Top of Records provided

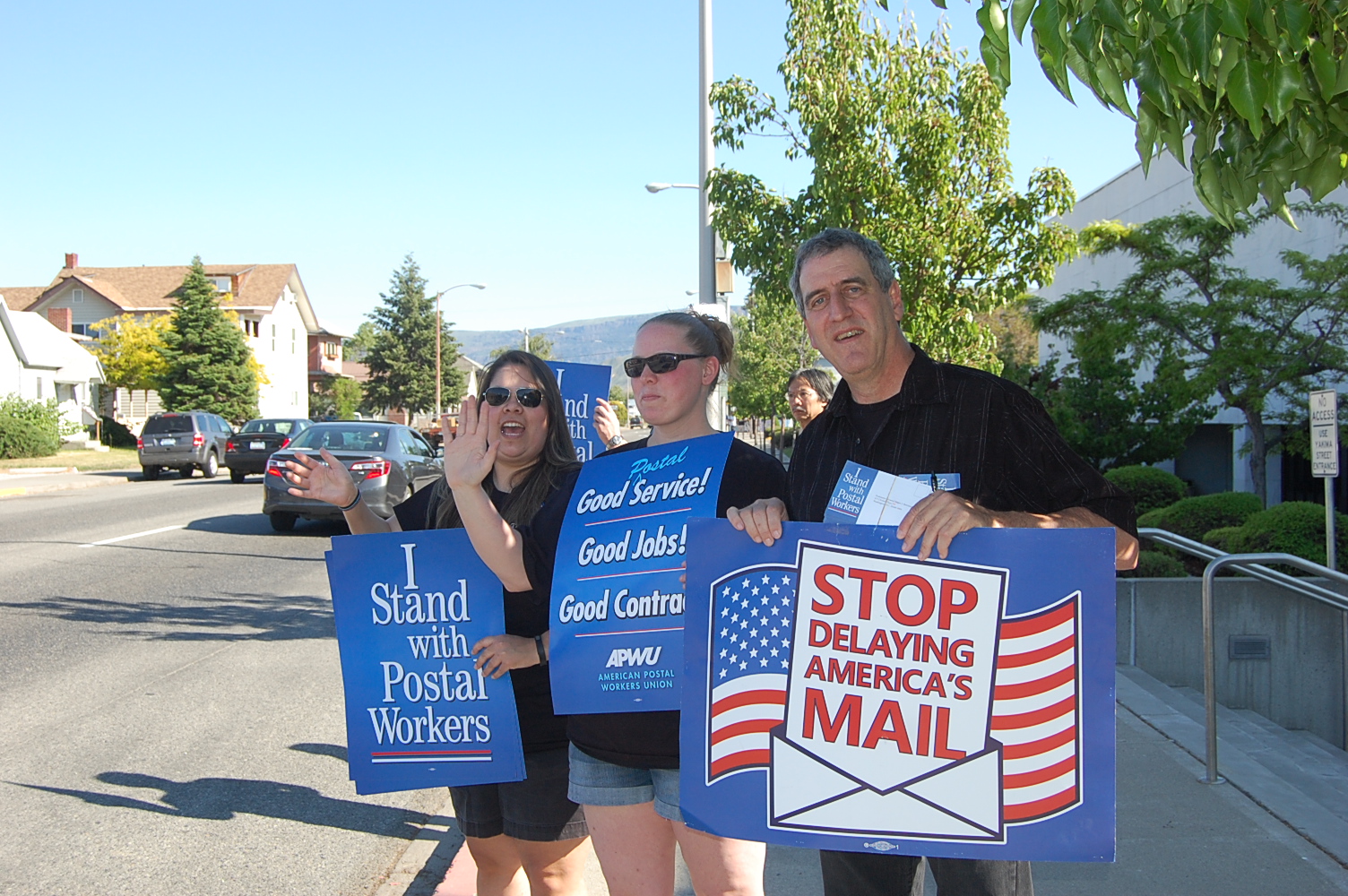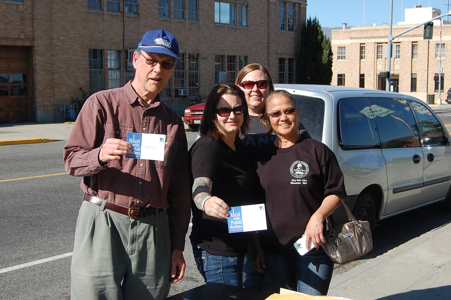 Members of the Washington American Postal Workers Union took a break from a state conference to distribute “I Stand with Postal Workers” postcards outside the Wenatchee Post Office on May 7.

Bottom of Records provided
Top of Records provided

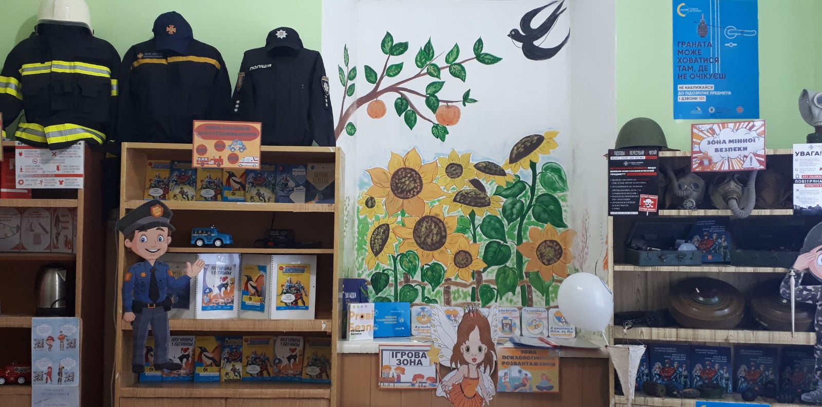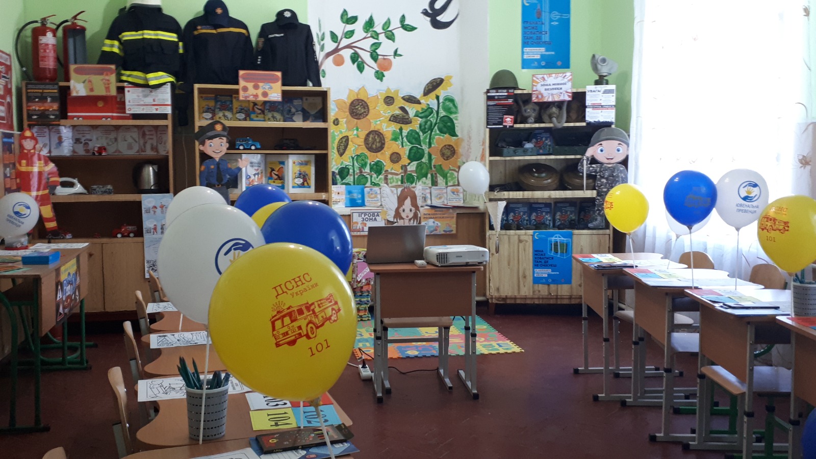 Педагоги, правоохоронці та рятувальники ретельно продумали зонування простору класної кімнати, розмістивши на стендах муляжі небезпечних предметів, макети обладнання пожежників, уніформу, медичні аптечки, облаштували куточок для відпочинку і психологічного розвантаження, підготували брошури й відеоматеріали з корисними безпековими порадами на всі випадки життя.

Bottom of Records provided
Top of Records provided

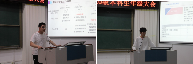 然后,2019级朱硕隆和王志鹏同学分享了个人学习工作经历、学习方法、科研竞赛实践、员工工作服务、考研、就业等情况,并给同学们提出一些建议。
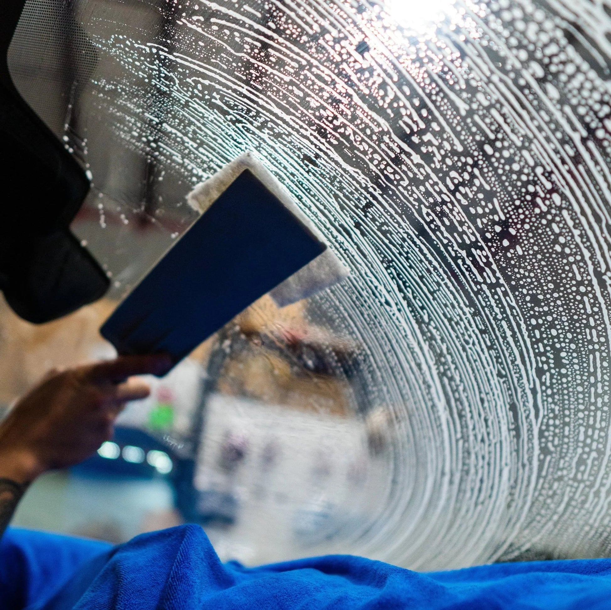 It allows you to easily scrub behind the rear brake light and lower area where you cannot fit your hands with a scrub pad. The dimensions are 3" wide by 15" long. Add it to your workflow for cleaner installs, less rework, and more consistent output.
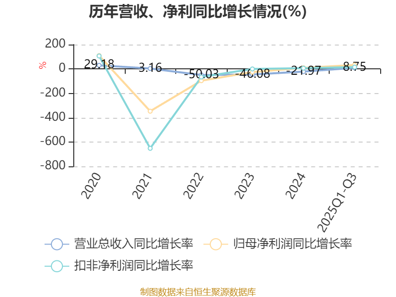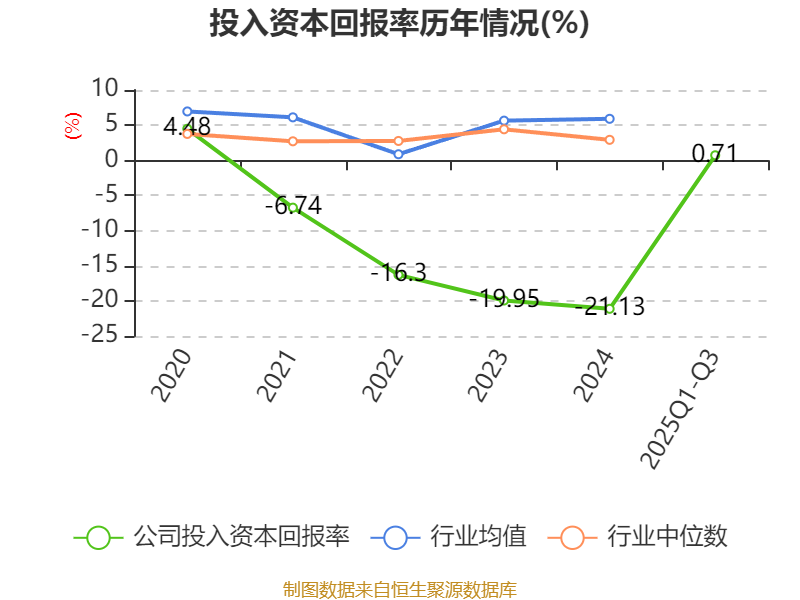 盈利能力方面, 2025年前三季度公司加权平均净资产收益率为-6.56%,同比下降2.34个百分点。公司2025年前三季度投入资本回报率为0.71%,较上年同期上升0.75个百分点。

Bottom of Records provided

▸ What you need to do:
Please return the data above exactly as it stands from the line with "然后,2019级朱硕隆和王志" to the line with "盈利能力方面, 2025年前", keeping both of those lines but none of the pictures.

▸ Answer to this problem:
 然后,2019级朱硕隆和王志鹏同学分享了个人学习工作经历、学习方法、科研竞赛实践、员工工作服务、考研、就业等情况,并给同学们提出一些建议。
 It allows you to easily scrub behind the rear brake light and lower area where you cannot fit your hands with a scrub pad. The dimensions are 3" wide by 15" long. Add it to your workflow for cleaner installs, less rework, and more consistent output.
 盈利能力方面, 2025年前三季度公司加权平均净资产收益率为-6.56%,同比下降2.34个百分点。公司2025年前三季度投入资本回报率为0.71%,较上年同期上升0.75个百分点。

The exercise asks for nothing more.